Segmentation procedures used in physical science ET investigations are sometimes well described in particular studies [26.211, 26.212, 26.213, 26.214]. Fernandez [26.203] recently reviewed computational methods for ET, including segmentation techniques in the physical sciences, and a number of the aspects covered are recounted here. Many of the image processing operations that are readily applicable to materials science ET reconstructions can also be found in other tomographic contexts or general reviews of 3-D tomographic data analysis [26.10], as well as in standard image processing texts [26.215]. Often, effective segmentation schemes consist of a number of standard image processing operations strung together, as exemplified in Fig. 26.39a-m [26.211].

Fig. 26.39a-m

Semi-automated segmentation routine applied to an ET reconstruction of unsupported nanoparticulate Ga-Pd catalysts, to enable identification of individual and agglomerated nanoparticles constituting the densely populated cluster. (al) The principal stages of the routine on a 2-D slice from the \(x\)\(y\) plane of the tomogram. (m) A 3-D voxel projection visualization. (l,m) The final segmented tomogram, where individual voxels have been given a color according the nanoparticle or group of strongly agglomerated nanoparticles to which they belong. Reprinted with permission from [26.211]. Copyright 2012 The American Chemical Society

Typically, for most ET reconstructions to date, segmentation begins with a procedure for denoising and/or enhancing the features of interest.
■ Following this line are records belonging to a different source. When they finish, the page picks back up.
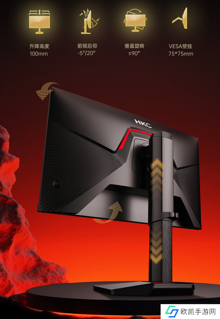 HKC“猎鹰二代 G27H4Pro”显示器搭载自研 DIC 动态模糊消除技术,支持硬件低蓝光。显示器配备人体工学支架,支持 100mm 升降高度、前倾后仰-5°/20°、垂直旋转 ±90°、VESA 壁挂(75*75mm)。
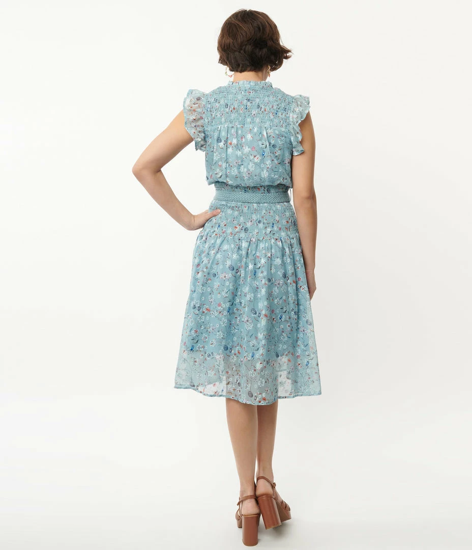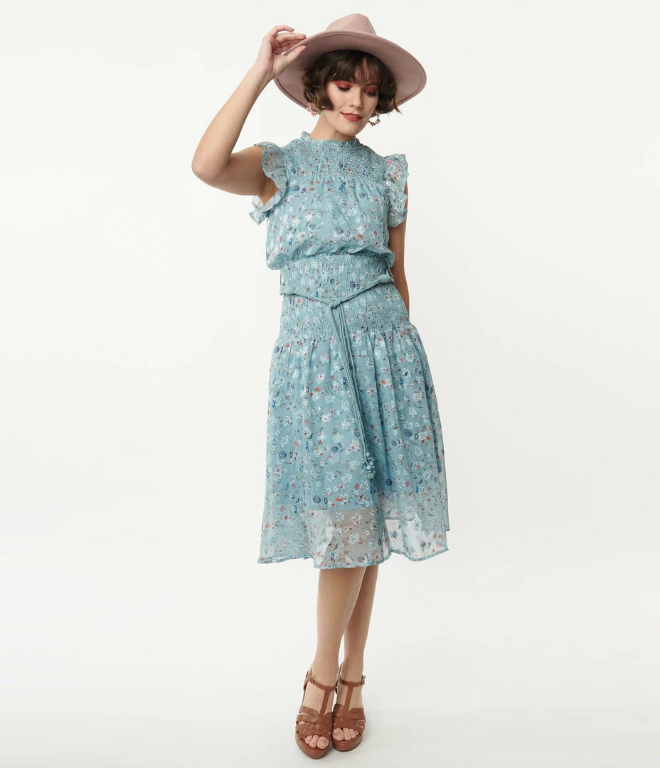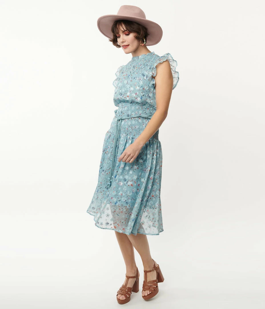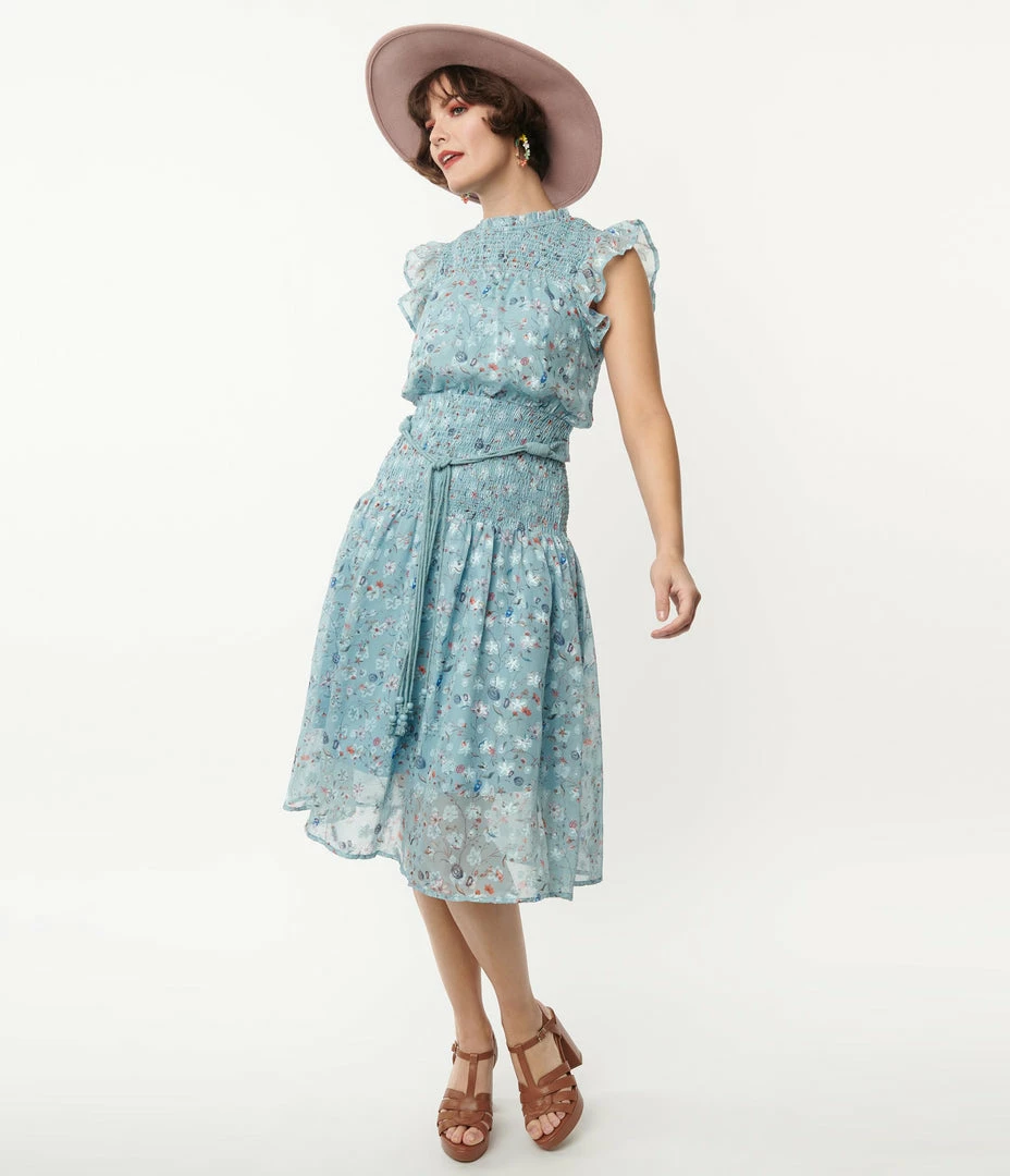 Summon your florals, dames! A sweet flare dress for a vintage darling, this sweet piece is crafted in a dusty blue crepe that dances with florals printed throughout. The smocked yoke is centered by a modest ruffle high neckline and framed by a ruffled sleeveless design, nipped in with a back zipper. A smocked wide waist flatters your hourglass as the flare skirt dances to the knees. Complete with a braided belt to embellish your form!
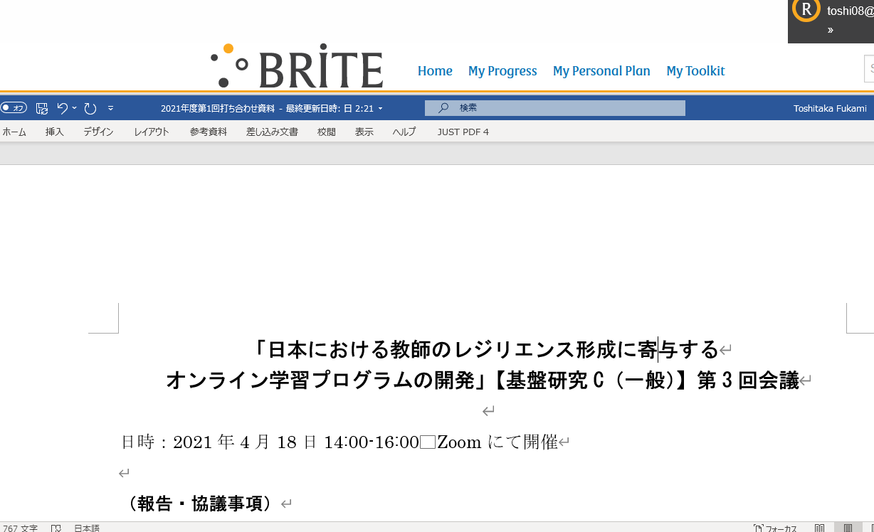 4/18は休日出勤し、自身が代表を務める科研「日本における教師のレジリエンス形成に寄与するオンライン学習プログラムの開発」のミーティングを行った。昨年度からの継続案件と今年度の展開について色々ご意見を頂くことができた。今年度は、オンライン学習プログラムの最初のバージョンを開発予定なので、様々な取り組みを進めていかねばならない。
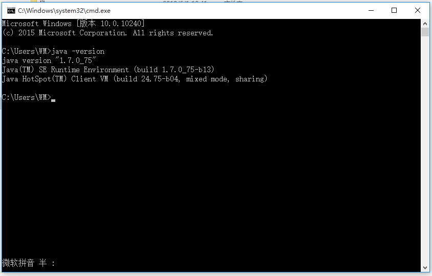 输入java -version(java 和 -version之间有空格),出现如图信息,说明配置成功了。
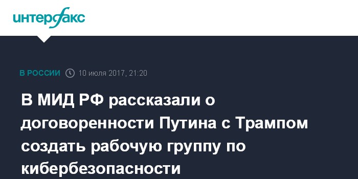 Ранее, по итогам встречи президентов РФ и США на "полях" саммита G20 в Гамбурге была достигнута договорённость о создании совместной рабочей группы по кибербезопасности. Трамп впоследствии прокомментировал данный проект у себя в твиттере, выразив сомнение в том, что он сможет быть осуществлен.
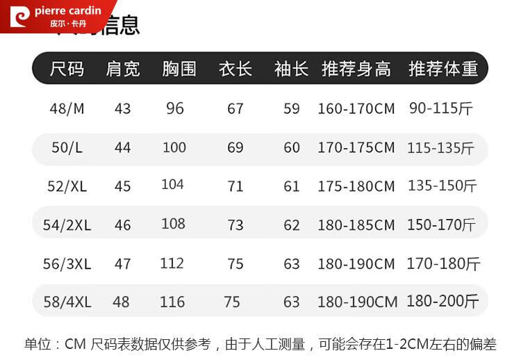 China (cm) 165 / 88-90 170 / 96-98 175 / 108-110 180 / 118-122 185 / 126-130
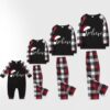 Christmas Hat and Red & Black & White Plaid Pants Family Matching Pajamas Set With Dog Bandana
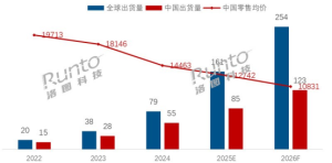 Еще одним фактором, способствующим быстрому росту продаж 100-дюймовых телевизоров, является снижение розничных цен. На типичном китайском рынке средняя розничная цена 100-дюймовых телевизоров неуклонно снижалась с 19 713 юаней в 2022 году до 14 463 юаней в 2024 году. К первой половине 2025 года средняя цена уже упала до 12 941 юаня. Прогнозируется, что средняя цена к 2025 году достигнет 12 742 юаней, а к 2026 году, как ожидается, снизится до уровня ниже 11 000 юаней. Совокупный эффект государственных субсидий, субсидий производителям и субсидий платформам значительно стимулировал и повысил покупательную способность потребителей.

This could involve basic regional averaging such as low-pass [26.212] or median filtering [26.70], histogram equalization [26.213], edge enhancement such as Sobel filtering [26.216], difference of Gaussians [26.211], or unsharp masking [26.146, 26.147], or more sophisticated processes such as anisotropic nonlinear diffusion [26.206]. Denoising or feature enhancement is typically followed by feature extraction based on a similarity metric. One of the most widely applicable similarity metrics in materials science, where many samples consist of regions of homogeneous density (e. g., nanoparticles), is simply the voxel intensity [26.146, 26.214, 26.25]. In this case, features can be differentiated by global thresholding on the image gray level histogram or by local spatially aware thresholding, for which a variety of threshold selection methods exist [26.217].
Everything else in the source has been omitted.